Education incubator and start up New Mexico/Texas Alliance for STEM Education head of marketing Ramon Jaime announced that the organization is forming a program to help high school students help their parents to complete their high school diplomas.
Jaime, who recently took over strategic direction, expansion and operation of the organization’s marketing and advertising programs briefed the board of directors of the New Mexico/Texas Alliance for STEM Education about the merits of addressing intergenerational education issues at a meeting in Albuquerque. According to Alma Torres, chair of the NMTASE, “Mr. Jaime presented the positive aspects of engaging both parents and students in completing their high school education.”
Mr. Jaime, a native of Los Angeles, has over 20 years executive experience in marketing and advertising in publishing, corporate and non-profit sectors, including DBR Creative in Los Angeles, California and Emmis Communications based in Indianapolis, Indiana. “Many parents have had to make difficult choices in their lives which may have led to their inability to complete their high school education. Many of the parents are ex-offenders, or had children early in life, and instead of punishing these individuals who have made poor choices, we are letting them know that regardless of their past, they can become productive, responsible citizens who deserve a second chance. Redemption is a powerful thing. I’ve experienced that in my own personal life which makes me feel very compelled to help others do the same,” Jaime concluded.

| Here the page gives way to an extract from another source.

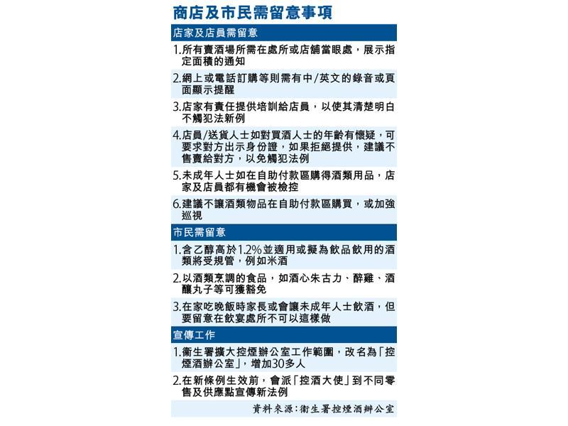 衞生署控煙酒辦公室主管李培文昨日在記者會上表示,首先即場出售酒品的場所,必須在當眼處展示最少為38厘米乘20厘米的中英文通知,而遙距分發中,網上商店需以合理且清晰可閱的方式展示,如電話訂購則需以錄音或口頭讀出訂明通知,網頁訂購則需在頁面顯示通知。店家及店員需確保所酒類售賣的對象為非18歲以下人士,便利店、超市等零售店,如對賣方的年齡有所懷疑,可要求其出示身份證,但因法例無授權店方必須查閱,對方亦可拒絕。為免娛墮法網,他建議店家可不向其售賣。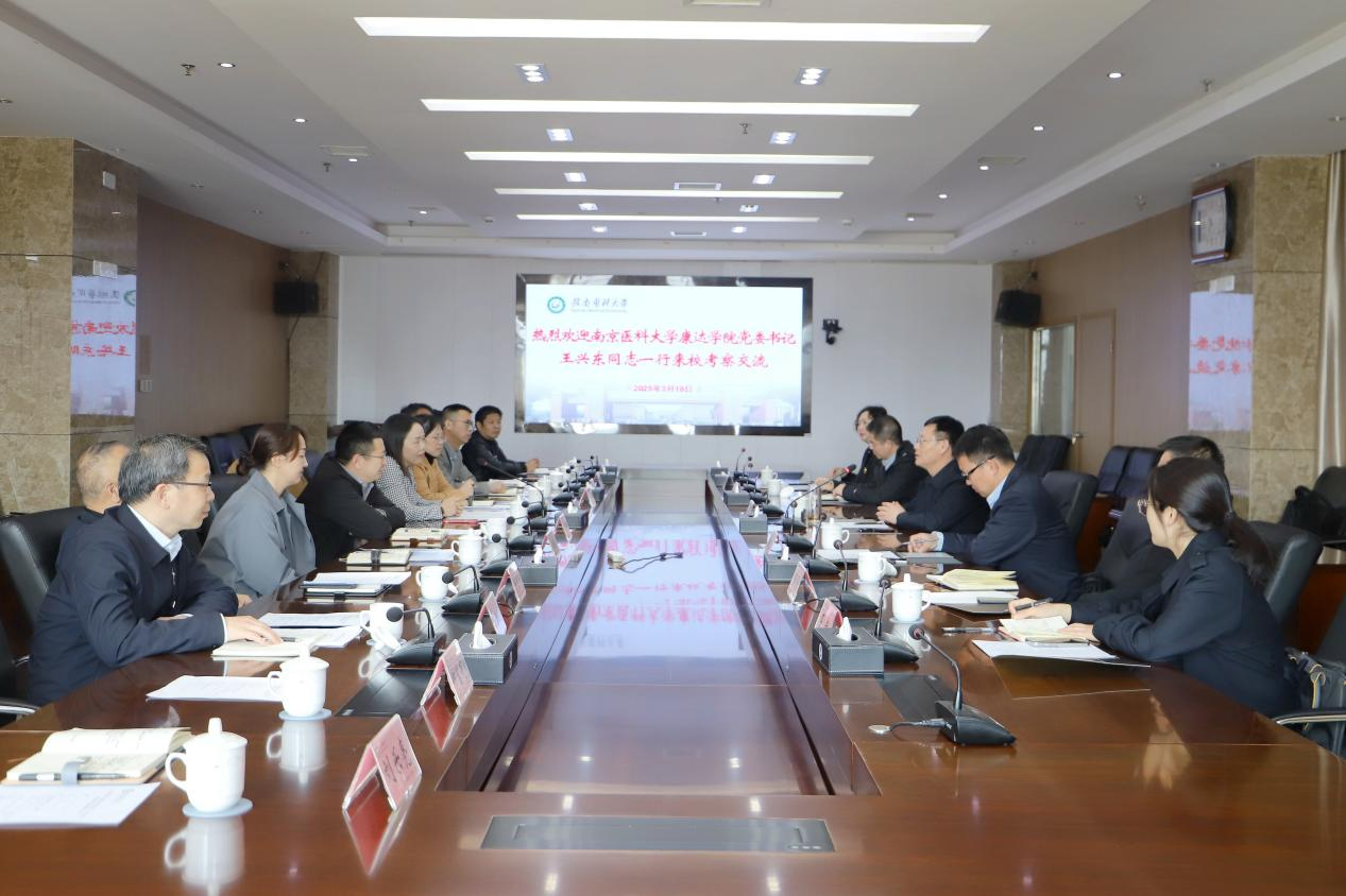 3月18日,南京医科大学康达学院党委书记王兴东,党委副书记、副院长王磊,副院长郭继成一行来校考察交流并座谈。学校党委委员、副校长盛瑶环出席并主持座谈会。

The program will be structured by a team of education experts who will develop standards-based curriculum enabling parents to complete their high school diplomas. Mr. Jaime will spend most of his time between Albuquerque, New Mexico, and Brownsville and Galveston, Texas.
The New Mexico/Texas Alliance for STEM Education was created to expand the efforts to promote science, technology, engineering and mathematics for Latino students in the Southwestern United States.
“STEM education and science-related jobs are important for local communities and the economic stabilization for areas that are predominately Latino.” Torres says. “We have an opportunity to help these students, as well as their parents, to be a part of the green economy and learn a trade that will make a difference in their lives,” Torres concluded.